He pasado la noche y el día soñando los símbolos de otro, en mi necedad de entenderlos han invadido mis sueños, la cocina y los ojos de todo lo que rodea la colina. Están las centellas lejanas de una lluvia que acaso mojará los vidrios de la ventana, está el viento polvoso: el polvo sale de su escondite con unos días de sequía. Y está la vieja. No aquella vieja, sino otra vieja. Aunque tal vez sean la misma. La vieja vive donde vende tortillas ricas, grandes y redondas; las tortillas vienen de un lugar lejano a la colina. La vieja tiene un perro que más parece un mechudo sucio que animal. Hoy un perro grande atrapó a su perro. Lo arrastraba lento. La vieja, diminuta y encorvada como esa que es símbolo de alguien más, perseguía a los perros: golpeaba al grande para que soltara al pequeño-mugroso-viejo perro. Los niños la seguían, pero a distancia prudente; bien porque en cualquier momento perro grande mataría a perro pequeño, o bien porque perro grande se enojaría con la vieja. Gritaba tanto la vieja que la gente grande también se acercó: por fin alguien arrojó un par de cubetadas de agua a la maraña de perros. Al final todos gritaron ahuyentando al perro grande.

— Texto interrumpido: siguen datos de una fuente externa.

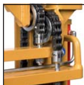
Catene di sollevamento tipo "Fleyer" "Fleyer" type lifting chains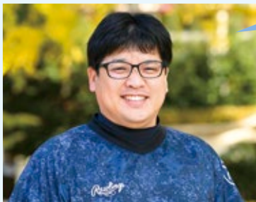
特定非営利活動法人 オレンジ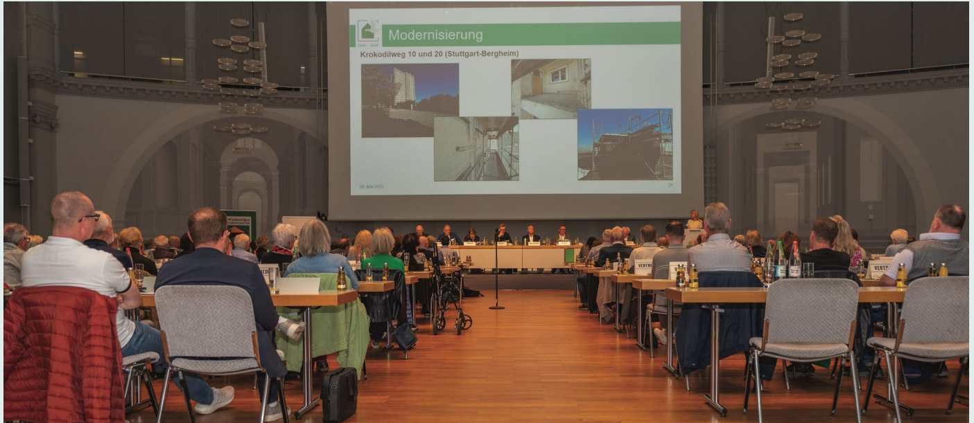
Blick in das Parlament der Genossenschaft bei der 53. Ordentlichen Vertreterversammlung 2025

Die 54. Ordentliche Vertreterversammlung am 18. Mai findet an einem neuen Ort und mit einem neuen, frischen Konzept statt. Doch wie immer gilt: Die Vertreterversammlung ist das höchste beschlussfassende Organ unserer Wohnungsbaugenossenschaft. Deshalb sieht auch dieses Jahr die Tagesordnung wieder Berichte des Vorstandes für das Geschäftsjahr 2025 inklusive der Verwendung des Bilanzgewinns vor, außerdem finden satzungsgemäß die Wahlen zum Aufsichtsrat statt und weitere Anträge aus dem Kreis der Mitglieder können eingereicht werden.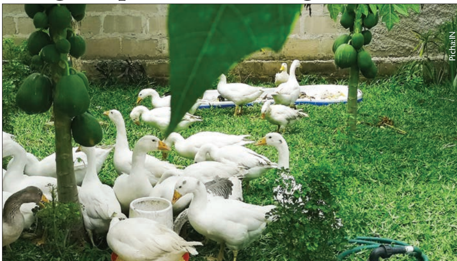
Ni muhimu bata kupata eneo la wazi kujilisha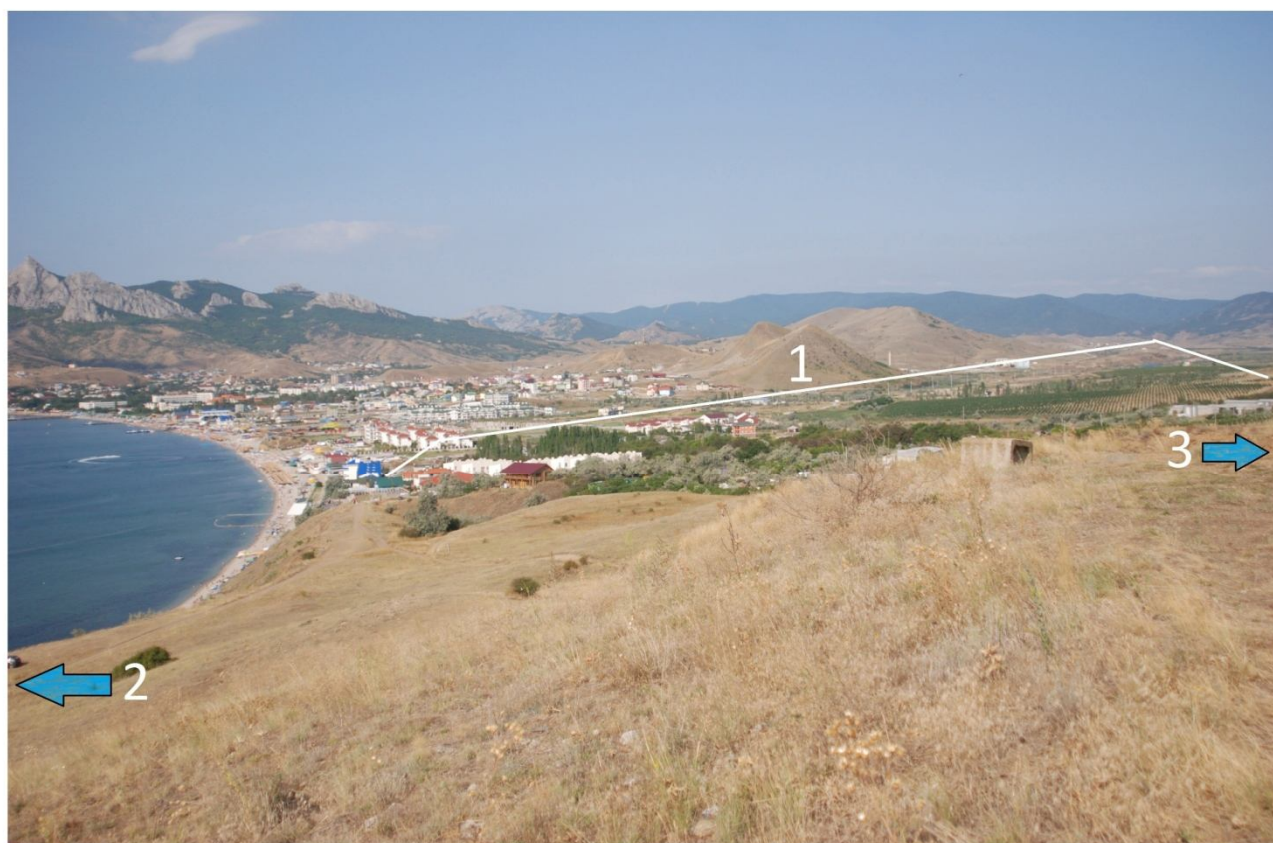
Рис. 2. Коктебельская долина и место расположения поселения Коктебель: 1 – долина; 2 – поселение; 3 – родник.

Таким образом, непонятным остается выбор древними жителями именно этого возвышенного участка для размещения поселения. Предположение о сезонной стоянке пастухов маловероятно, ибо насыщенность культурного слоя керамикой и другими находками достаточно плотная, без прослоек. Территория возле источника воды более удобна, защищена в балке от ветров. Устройство здесь кошары или небольшого поселения более приемлемо. Кроме того, удобная и закрытая от ветров, обводненная в древности обширная долина к западу от поселения никак не могла быть занята другими поселениями в такой мере, чтобы потребовалось разместить данное поселение на высоком, незащищенном берегу. Эти факты не вписываются в традиционное понимание стоянок, которые оставляли катакомбники в степной части Крыма у берегов небольших речушек, зато вписываются в понимание жизнедеятельности каменского населения [4, с. 98].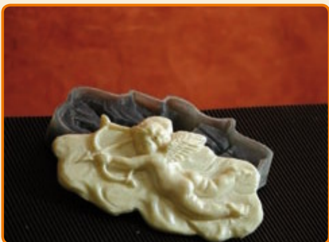
Decoro 9 cupido

Tuvieron que trasquilar al perro mugroso, estaba empapado y seguro sentiría frío: dicen que el susto y el frío juntos no son buena cosa.
La vieja y su perro regresaron a la casa rosa que siempre ha de oler a tortilla recién hecha. Ella, diminuta y encorvada; el perro viejo mugroso pero sin pelo moviendo apenas el rabo, pero al lado de la vieja.
No quiero los símbolos esos del autor que leo, han invadido mis días.